In order to solve the technical problems, the invention specifically provides the following technical scheme:
a multi-probe integrated millimeter wave therapeutic apparatus comprises an outer shell and a C-shaped undercut frame arranged on the outer shell, wherein the outer shell is divided into an upper probe mounting section and a lower integrated circuit section by the C-shaped undercut frame;
the upper probe mounting section comprises a hollow shell and an integrated holder arranged at the lower end of the hollow shell, a plurality of millimeter wave probe components which are linearly distributed are mounted on the integrated holder, the millimeter wave probe components are sequentially arranged along the width direction of the hollow shell, and each millimeter wave probe component circularly rotates in a circular manner within different diameter ranges to adapt to synchronous treatment work of different parts of a human body.
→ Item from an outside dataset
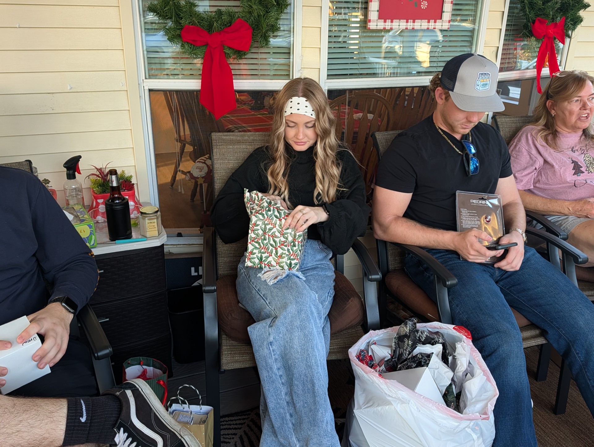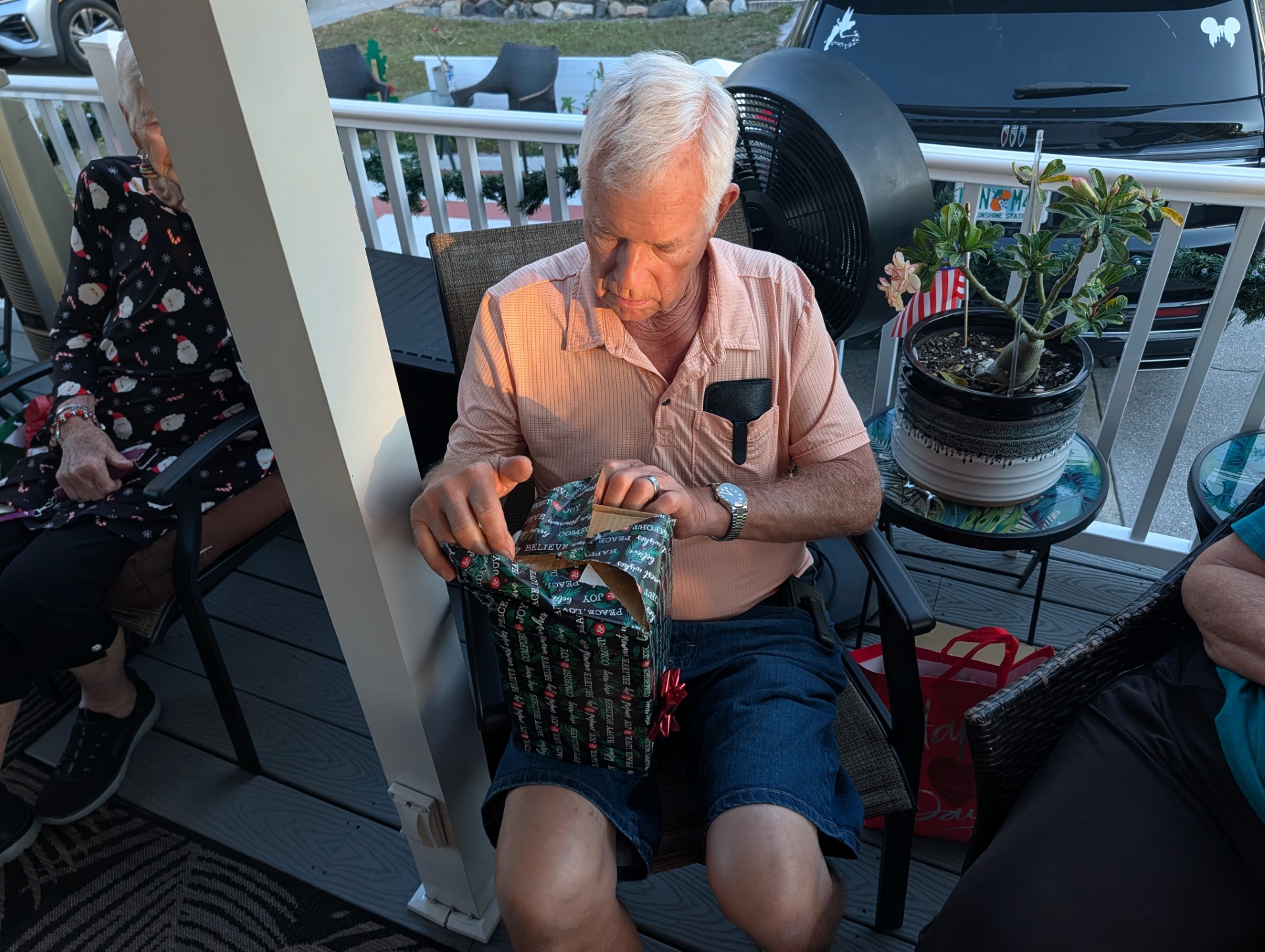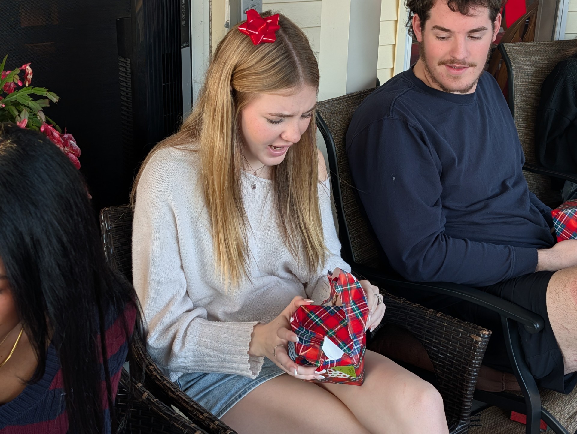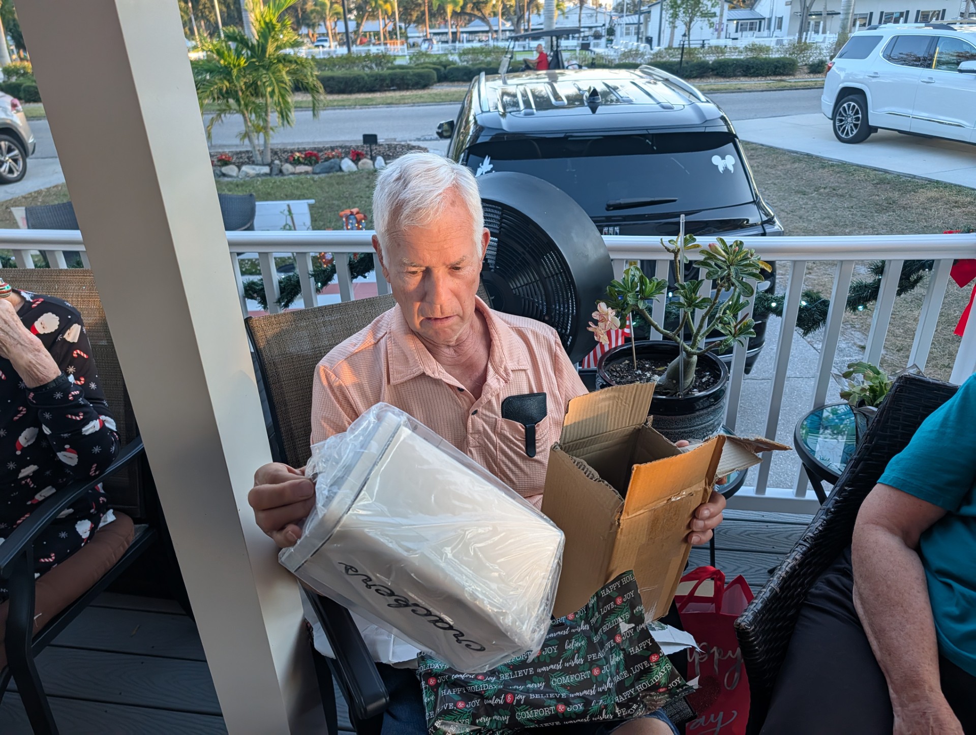 Aunt Erica opened the gift for her and Uncle Dwayne from Grandpa
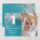 Photo Teal Silver Glitter 1:a födelsedag Party Inbjudningar

As a preferred scheme of the invention, the millimeter wave probe assembly comprises a rotary driving mechanism and a horizontal push-pull mechanism, the horizontal push-pull mechanism is connected with the rotary driving mechanism through a rotary receiving part, a probe cover is movably mounted on the horizontal push-pull mechanism, the horizontal push-pull mechanism drives the probe cover to perform reciprocating rotation by taking the mounting direction of the millimeter wave probe assembly as a central axis, and the rotary driving mechanism drives the horizontal push-pull mechanism and the probe cover to perform circumferential circulating rotation;
the millimeter wave probe assembly is characterized in that the millimeter wave probe assembly is single, the millimeter wave probe assembly circularly rotates in a circle with different diameters by taking a part of a human body to be treated as a circle center, so that the millimeter wave probe assembly can completely and circularly act on a certain part of the human body, and the millimeter wave probe assembly synchronously works on different parts of the human body.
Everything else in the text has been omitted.